Başka bir örnek, William Gibson'ın 'Neuromancer'ı belki de siberpunk kurgusunun en önemli eseridir. 'Bu temel formda bile, onları oynayan çocuklar fiziksel olarak o kadar ilgiliydi ki; bana öyle geldi ki oyunların içinde, makinenin notasyon alanı içinde olmak istiyorlardı. Onlar için gerçek dünya yok olmuştu' dedi Gibson, Vancouver'daki bir atari salonundaki deneyimine dayanarak. Neuromancer, yeni ortaya çıkan internetin ilk ve en iyi tasvirlerinden biriydi; teknoloji hakkında bilinmesi gereken her şeyi ve kimsenin var olduğunu bilmeden önce onun nasıl çalıştığını kavradı: 'Siberuzay. Her ulustaki milyarlarca meşru operatörün, çocuklara matematik kavramları öğretilmesiyle her gün deneyimlediği, mutabakata dayalı bir halüsinasyon. İnsan sistemindeki her bilgisayarın bankalarından soyutlanan verilerin grafiksel bir temsili.” [3]
Başka bir romancı Neal Stephenson, Gibson'ın her şeyi dönüştürmesinden on yıldan az bir süre sonra siber uzayı nasıl tasavvur ettiğimizi yeniden tanımlamaya hazırdı. Yazarın üçüncü romanı 'Kar Çöküşü' 1992'de yayınlandı ve ticari çıkarların çoğunlukla gezegeni ele geçirdiği yirmi birinci yüzyılda geçen cesur bir siberpunk anlatısıdır. Hikaye, hem oyuncunun sanal avatarına hem de gerçek vücuduna bulaşan bir virüs olan Snow Crash adlı korkunç yeni bir ilacı keşfeden meta veri dizisi oyuncusu Hiro Protagonist'i konu alıyor [4]. Stephenson'un dünyası, Gibson'ın bu türde öncülük ettiği kavramlarla genişliyor.

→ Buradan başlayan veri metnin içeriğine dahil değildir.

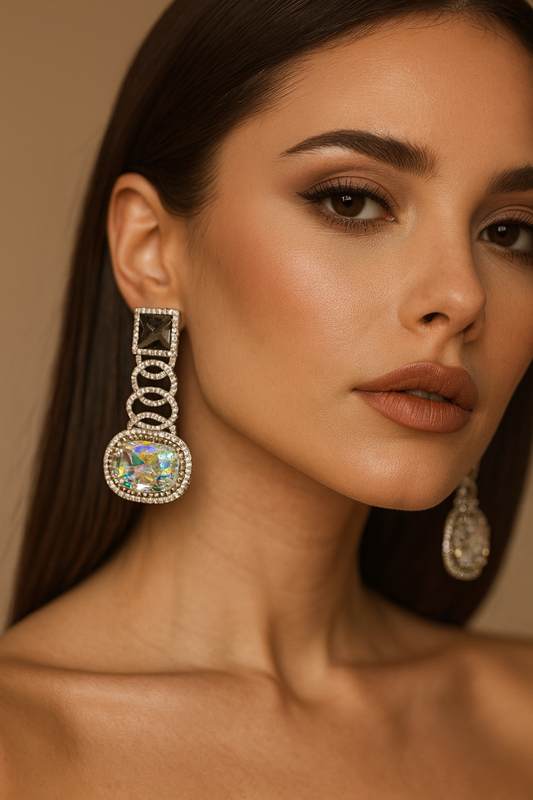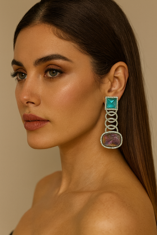 Elegant Rainbow Crystal & Grey CZ Stone Drop Earrings

Siberuzay ve sanal gerçeklik, gerçekliğe eklenen bir şey olmaktan çok, gerçek dünyada mevcut olmayan seçenekleri sunan bir kaçış aracıydı. Her ne kadar sanal gerçeklik halihazırda yaygın bir şekilde çığır açıcı bir teknoloji olarak kabul edilse de hâlâ başlangıç aşamasında olduğu düşünülüyor. Belki bir gün neyin gerçek olduğunu, neyin olmadığını sorgulamak zorunda kalacağız ki bu da dikkate alınması gereken şaşırtıcı bir kavram.
VRLab Academy 'nin amacı, sanal gerçeklik teknolojisini kullanarak hem öğrenciler hem de öğretmenler için daha ilgi çekici bir öğretim ortamı sağlamaktır. Biyoloji, kimya, fizik, ve doğa bilimleri. Her ne kadar okullar sanal gerçekliğin olanaklarını araştırmaya yeni başlıyor olsa da teknoloji ilerlemeye devam edecek ve öğrenme alternatifleri genişleyecek. Sanal gerçeklik eğitimi yakında yeni veya uzman öğretmenler için ortak bir gereklilik haline gelebilir.

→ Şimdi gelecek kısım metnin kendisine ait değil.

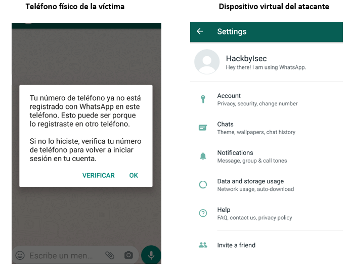 Desde este momento, ya tendríamos acceso al Whatsapp de nuestra víctima. A continuación, se muestran dos capturas a modo de ejemplo: una con el dispositivo físico al que hemos suplantado y otro con el dispositivo virtual emulado con el Whatsapp de la víctima.

VRLab Academy'deki tüm deneylere göz atın ve Öğretme gücünüzü bizimle geliştirin.
Referanslar
[1] Andrew Liptak, Bilim Kurgu Edebiyatı Modern Sanal Gerçekliğin Yükselişini Öngördü.

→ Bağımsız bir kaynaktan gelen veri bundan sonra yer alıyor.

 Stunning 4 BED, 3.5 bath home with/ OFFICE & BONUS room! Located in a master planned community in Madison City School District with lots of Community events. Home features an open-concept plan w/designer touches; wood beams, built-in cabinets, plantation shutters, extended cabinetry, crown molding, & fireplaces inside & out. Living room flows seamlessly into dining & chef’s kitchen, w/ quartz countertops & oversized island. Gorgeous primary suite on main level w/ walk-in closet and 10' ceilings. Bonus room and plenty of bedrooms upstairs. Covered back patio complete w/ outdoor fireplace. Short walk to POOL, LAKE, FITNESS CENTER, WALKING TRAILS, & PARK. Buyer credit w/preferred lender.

[2]. Andrew Liptak, Bilim Kurgu Edebiyatı Modern Sanal Gerçekliğin Yükselişini Öngördü.
[3]. “Duygusal Fütürist: William Gibson'ın Neuromancer'ında Sibernetik ve Sanat”, 1992.
[4]. Lisa Swanstrom 'Kapsüller ve Düğümler ve Parçalanmalar ve Akışlar: Neal Stephenson'ın Kar Kazasında Dolaşan Öznellik'.